Site Reliability Engineer
Site Reliability Engineer
The Discipline ❤️
Site Reliability Engineering at MoonPay is responsible for providing a resilient, secure, production-ready platform that enables MoonPay to safely deploy applications and services in a self-serve, repeatable manner. We believe that SRE should support both our product delivery and operational teams by surfacing data from our production environment and driving meaningful change based upon what we learn from it.
Current Tech Stack 💻
- Typescript as our programming language of choice
- Node.js as our backend platform
- TypeORM, TypeDI, TypeGraphQL and routing-controllers as our backend libraries
- React and NextJS hosted on Vercel as our frontend
- Google Cloud Platform to host our services
- Postgres as our core database
- Redis for caching
- Bull to manage background tasks
- DataDog for logging and monitoring
- ArgoCD for continuous deployment on Kubernetes
- GitHub to manage our source code
- Jest to run our tests ✅
What you’ll do 👀
In the short term we need to increase the resiliency and reliability of our current PaaS solution with things such as:
- Improving the maintainability of our infrastructure as code
- Building dashboards, monitoring & alerting mechanisms with Datadog
- Load testing and performance tuning our production services
- Lifecycling and maintenance of our Kubernetes clusters
In the medium to long term you’ll get to:
- Implement new and shiny technologies on top of Kubernetes as you see fit to ensure our tech can scale with the business.
- Develop and integrate solutions with a bias for automation in order to improve and maintain reliability across the production estate and make recovery easier.
- Design and track metrics for site uptime and performance ensuring high levels of visibility are maintained.
- Own the deployment pipelines and continuously improve our monitoring and alerting capabilities.
- Collaborate closely with all other engineering functions to provide timely feedback from our environments.
- Support Engineering on their journey to deliver better software, faster and more safely (think “It’s OK to deploy on Fridays” 😎).
You should apply if ✅
- You have strong systems administration skills, know the difference between a container and a virtual machine, and know your way around a Linux terminal
- You have platform engineering/SRE experience at leading startups or fast growing tech companies
- You have either had experience with some of our tech stack or are confident you can cross train and up skill quickly
- You have experience working in a regulated industry
- You are confident working with and guiding developers on monitoring and logging of complex systems at scale
- You have worked on complex projects
- You can work collaboratively with different teams i.e.
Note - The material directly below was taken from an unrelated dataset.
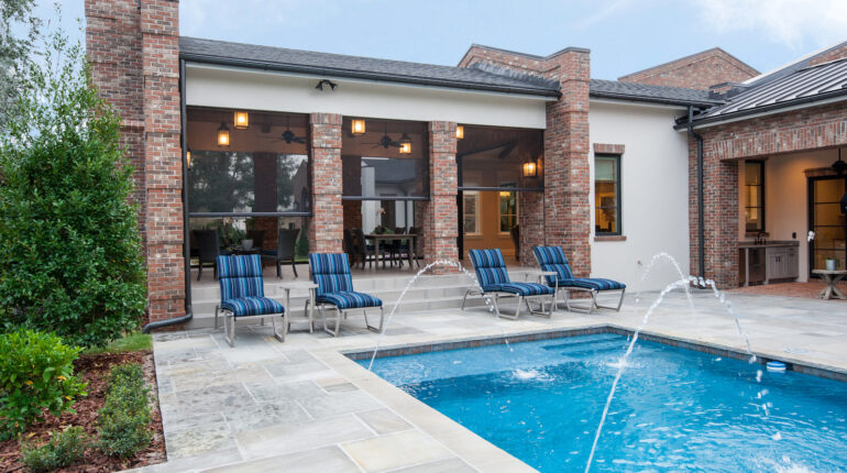 Whether you’re with friends and family or enjoying the afternoon solo, you’ll want to have room to store pool necessities like sunscreen and towels. The fun ends when you have to trek wet feet through the house to retrieve what you need. By layering in shelving, cabinets or storage benches, you’ll have exactly what you need at your fingertips while keeping your pool area free of clutter.

Security, Data, Engineering
- You want to forge and own MoonPays reliability & recovery processes
- You’ve got at least a basic understanding of complex reliability structures, theories, principles, and best practices
Research has shown that women are less likely than men to apply for this role if they do not have solid experience in 100% of these areas. Please know that this list is indicative and that we would still love to hear from you even if you feel you only are a 75% match. Skills can be learnt, diversity cannot.
We promote a diverse and inclusive culture at MoonPay.
Unfortunately, we are unable to offer visas of any kind at this time!
Our interview process takes place on Google Hangouts and tends to consist of the following stages:
- Recruiter call (20-30 minutes)
- Hiring Manager Screen (30-45 minutes)
- System Design (45 minutes)
- Technical Deep Dive (45 minutes)
- Values Interview (30 minutes)
Please let us know if you require any accommodations for the interview process, and we’ll do our best to provide assistance.